### ACTION ITEM
Leaving out every picture, copy the lines of the material below exactly, from the line containing "Plus Size Women" through the line containing "남자 잠옷 봄 가을면".

---------- RECORDS TO PROCESS ----------

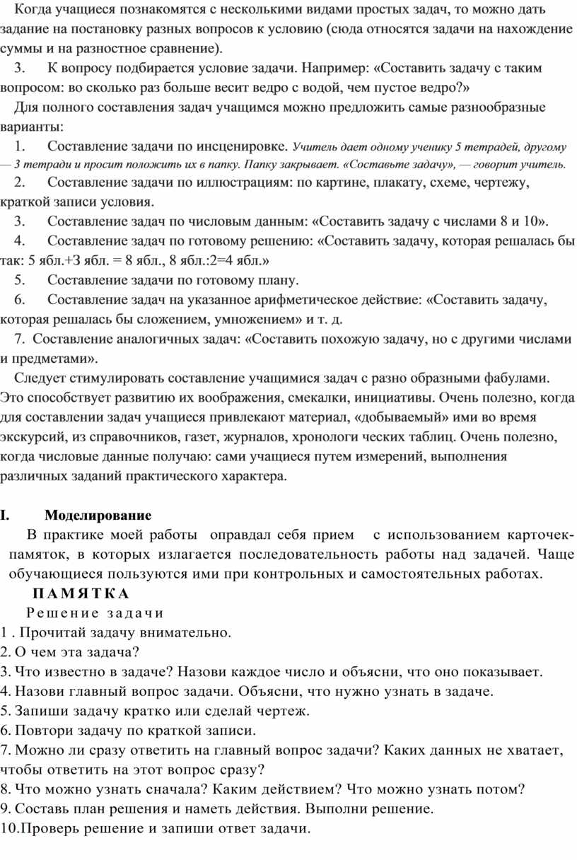 Работе по этим карточкам-памяткам детей следует учить. Сначала учитель сам читает каждый пункт задания в отдельности и учит отвечать учащихся на вопросы каждого пункта. Учащиеся повторяют за учителем ход рассуждения. Затем пункты задания читает один из учеников, а остальные должны быть готовы под руководством учителя провести рассуждения вслух. Далее ученик, вызванный к доске для решения задачи, читает пункт задания про себя, а вслух ведет рассуждения. Учитель оказывает ему помощь. К ответу этого ученика привлекаются и остальные учащиеся класса. Наконец, ученики читают задания про себя, а при комментировании действий получают меньшую помощь учителя. В этот период некоторые учащиеся уже могут самостоятельно решать задачу, все меньше прибегая к карточке, т. е. можно считать, что они усвоили всю систему работы над задачей
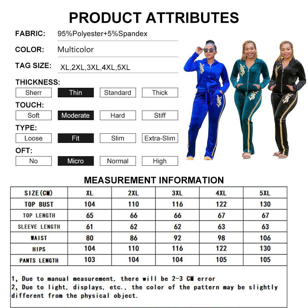 Plus Size Women Two Piece Sets Tops + Pants Matching Set Large Size Velvet Patchwork Women Tracksuit chandals mujer 5XL
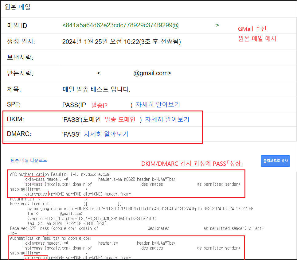 적용 후 GMail에서 수신된 원본 헤더를 확인해보면 DKIM+DMARC가 PASS가 떨어진다면 정상적으로 정책이 적용되어 있다는 의미입니다.
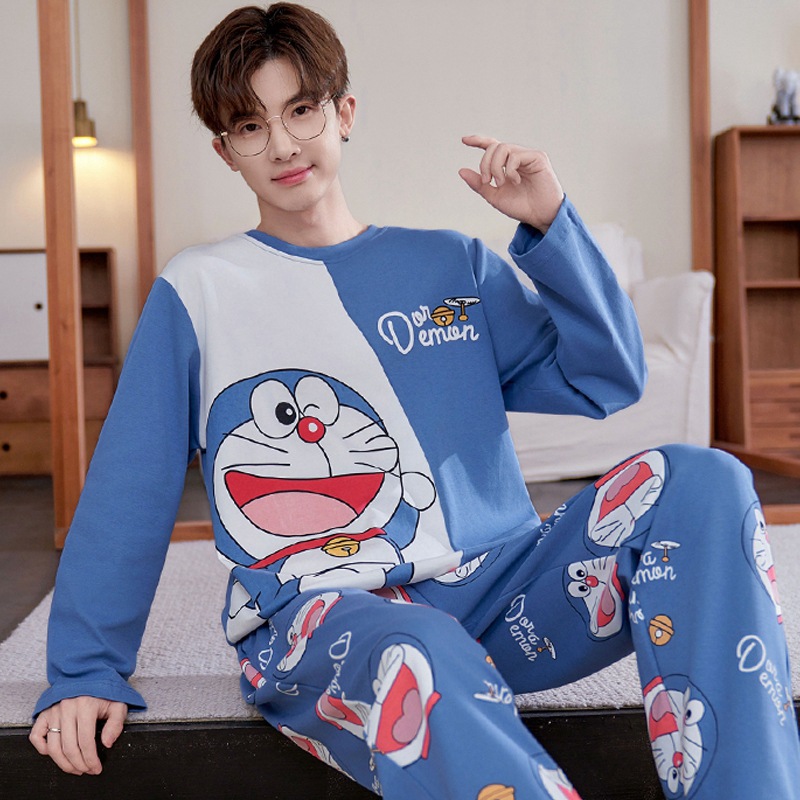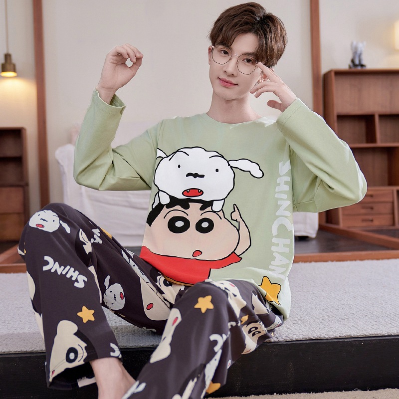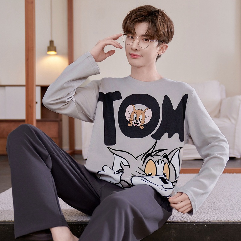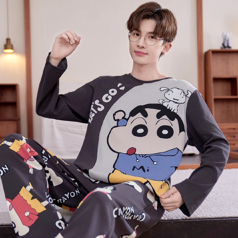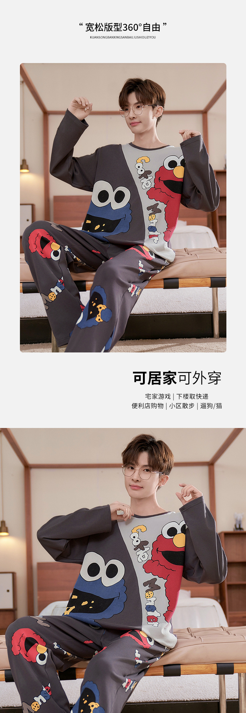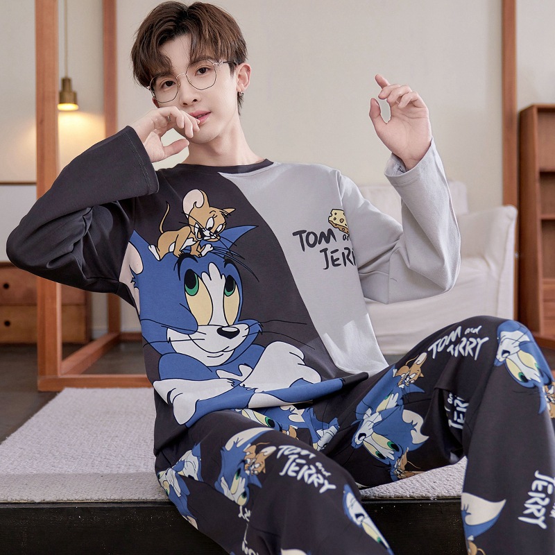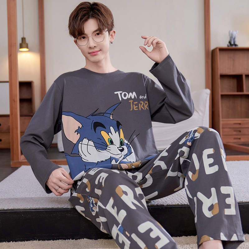 남자 잠옷 봄 가을면 긴 소매 남자 10 대 학생 큰 아이들 2024 새 집 옷 세트스토어 가기
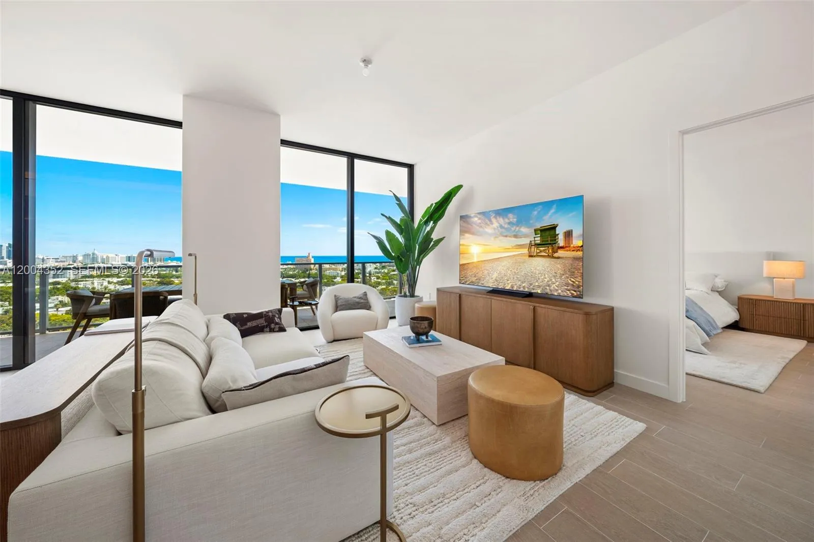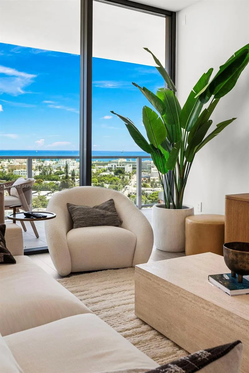 Beautifully appointed seasonal rental – available May 1, 2026 through Jan 2027. High floor two bed, two and a half bath with oversized balcony and unobstructed Ocean views at Five Park Miami Beach. 1,451 sq ft of interior space, fully furnished by Restoration Hardware. Split floor plan, large living room with 10-foot ceilings, and floor-to-ceiling windows. Custom kitchens with Gaggenau appliances, Italian oak kitchen cabinetry, and quartzite countertop. Primary suite features a marble bathroom with oversized shower, and a generous walk in closet. Five Park is the newest full-service luxury building in the most sought-after neighborhood in Miami Beach. It offers its residents extensive amenities, including two pools with views of the Bay, a restaurant, bar & lounge on the pool deck, wellness & fitness areas, and a spa, two house cars, and electric gold cart, as well as access to a private beach club. Other amenities include a co-working studio with private offices, a screening room, a children’s play area & teen lounge.

----------

### RESULT BELOW
 Plus Size Women Two Piece Sets Tops + Pants Matching Set Large Size Velvet Patchwork Women Tracksuit chandals mujer 5XL
 적용 후 GMail에서 수신된 원본 헤더를 확인해보면 DKIM+DMARC가 PASS가 떨어진다면 정상적으로 정책이 적용되어 있다는 의미입니다.
 남자 잠옷 봄 가을면 긴 소매 남자 10 대 학생 큰 아이들 2024 새 집 옷 세트스토어 가기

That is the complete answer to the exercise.